Given records:

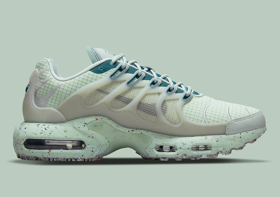 La Nike Air Max Terrascape Plus Mint Green revisite la mythique Tn avec une vision écologique, moderne et rafraîchissante. Sa tige en mesh recyclé vert menthe clair (“Mint Green”) est sublimée par des cages TPU translucides, offrant un look aérien et futuriste. Les accents blancs et crème sur la semelle et les détails du upper équilibrent parfaitement la palette, tandis que le branding Terrascape discret souligne son engagement durable.
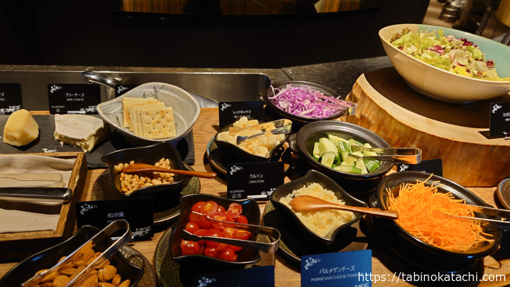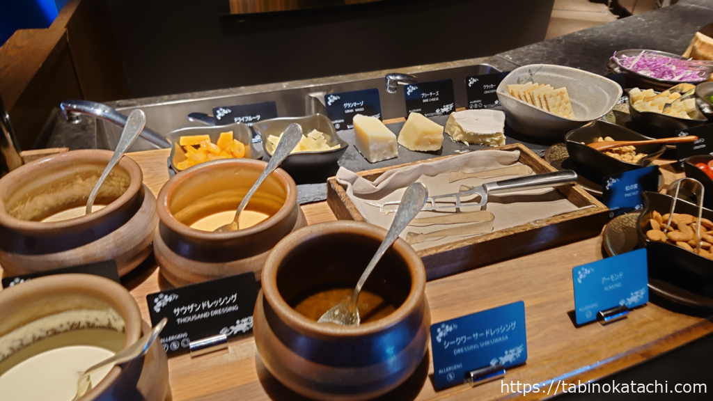 洋食は、卵料理のオムレツ、サラダ、チーズ、フルーツ、ヨーグルトと定番メニューが並びます。ブレッドも、種類が多く、安定の美味しさです。
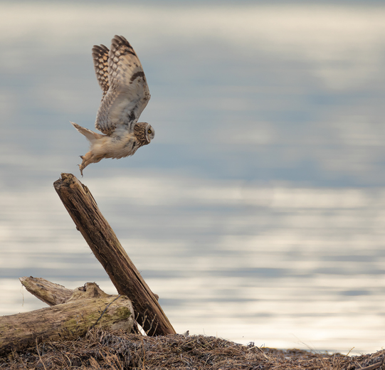 Short-eared Owl takes off before flying low over the salt marshes of Boundary Bay, BC. I was ready with a high shutter speed of 1/1600 to capture the flight.
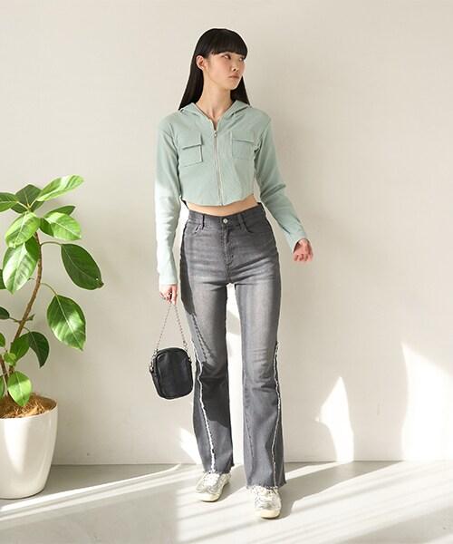 流蘇設計讓喇叭褲看起來與眾不同。
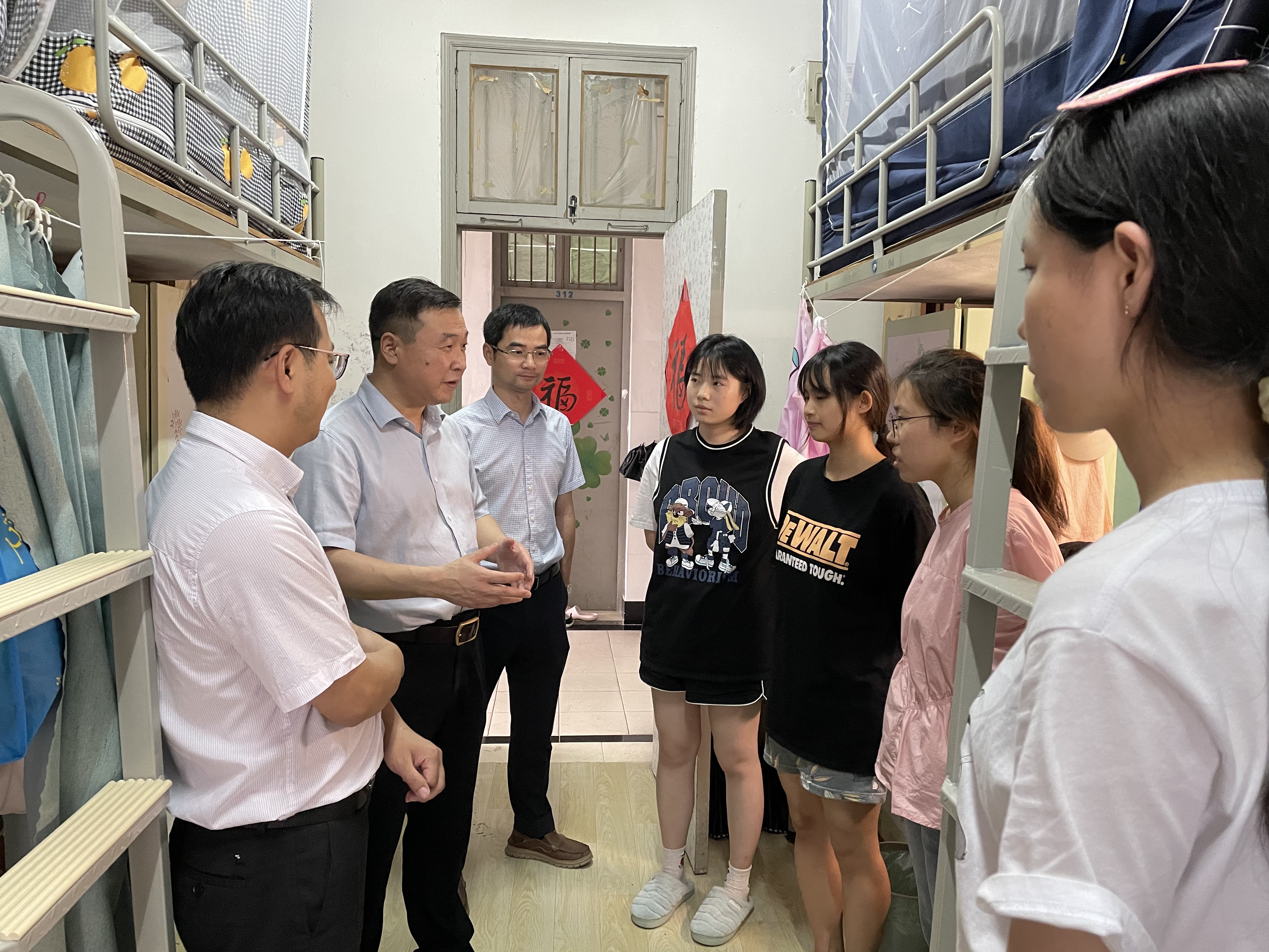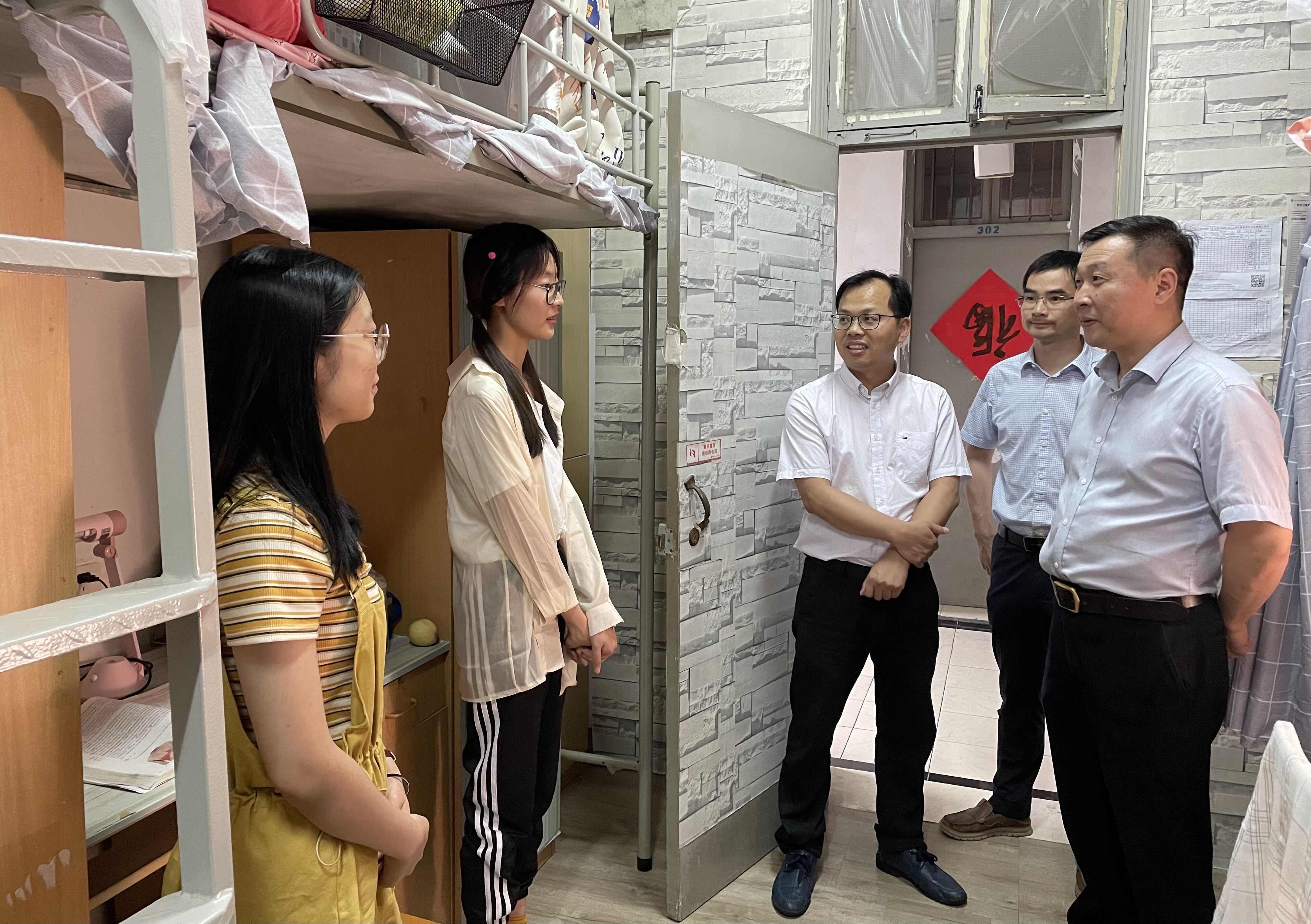 6月10日下午,罗伟明副校长深入联系班级(万象城awcsport官网2019级护理学4班)、联系寝室进行了走访与调研,亲切看望2019级同学。万象城awcsport官网党委书记李海滨、副书记林觐民、团委书记王晓梅等陪同来到立业园万象城awcsport官网学生寝室。
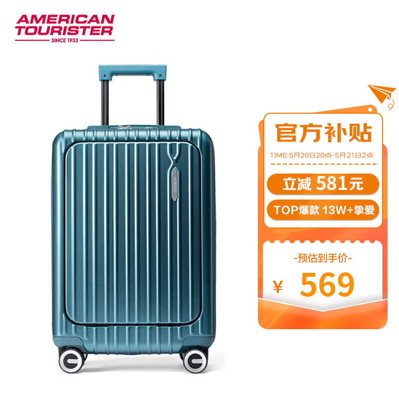 美旅箱包前开口可登机行李箱20英寸轻便拉杆箱飞机轮旅行密码箱79B松石绿价格:599.00元!
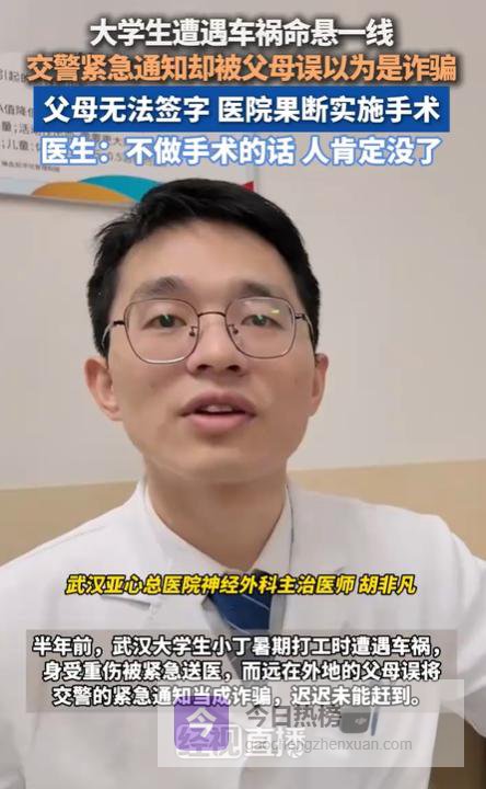 半年前的那个雨夜,大学生小林骑自行车返回宿舍途中被一辆失控轿车撞飞。送到医院时,他颅骨骨折、内脏出血,瞳孔已开始散大。急诊医生在病历上写下"濒死状态"四个触目惊心的字,手术室红灯随即亮起。与此同时,交警指挥中心正上演着一场令人揪心的通话——当值班民警拨通小林父母电话告知车祸消息时,电话那头传来了警惕的质问:"现在的诈骗手段都升级到咒人出事了吗?"

Exercise details:
Could you restate each record word for word, keeping the pictures out?

Answer section:
 La Nike Air Max Terrascape Plus Mint Green revisite la mythique Tn avec une vision écologique, moderne et rafraîchissante. Sa tige en mesh recyclé vert menthe clair (“Mint Green”) est sublimée par des cages TPU translucides, offrant un look aérien et futuriste. Les accents blancs et crème sur la semelle et les détails du upper équilibrent parfaitement la palette, tandis que le branding Terrascape discret souligne son engagement durable.
 洋食は、卵料理のオムレツ、サラダ、チーズ、フルーツ、ヨーグルトと定番メニューが並びます。ブレッドも、種類が多く、安定の美味しさです。
 Short-eared Owl takes off before flying low over the salt marshes of Boundary Bay, BC. I was ready with a high shutter speed of 1/1600 to capture the flight.
 流蘇設計讓喇叭褲看起來與眾不同。
 6月10日下午,罗伟明副校长深入联系班级(万象城awcsport官网2019级护理学4班)、联系寝室进行了走访与调研,亲切看望2019级同学。万象城awcsport官网党委书记李海滨、副书记林觐民、团委书记王晓梅等陪同来到立业园万象城awcsport官网学生寝室。
 美旅箱包前开口可登机行李箱20英寸轻便拉杆箱飞机轮旅行密码箱79B松石绿价格:599.00元!
 半年前的那个雨夜,大学生小林骑自行车返回宿舍途中被一辆失控轿车撞飞。送到医院时,他颅骨骨折、内脏出血,瞳孔已开始散大。急诊医生在病历上写下"濒死状态"四个触目惊心的字,手术室红灯随即亮起。与此同时,交警指挥中心正上演着一场令人揪心的通话——当值班民警拨通小林父母电话告知车祸消息时,电话那头传来了警惕的质问:"现在的诈骗手段都升级到咒人出事了吗?"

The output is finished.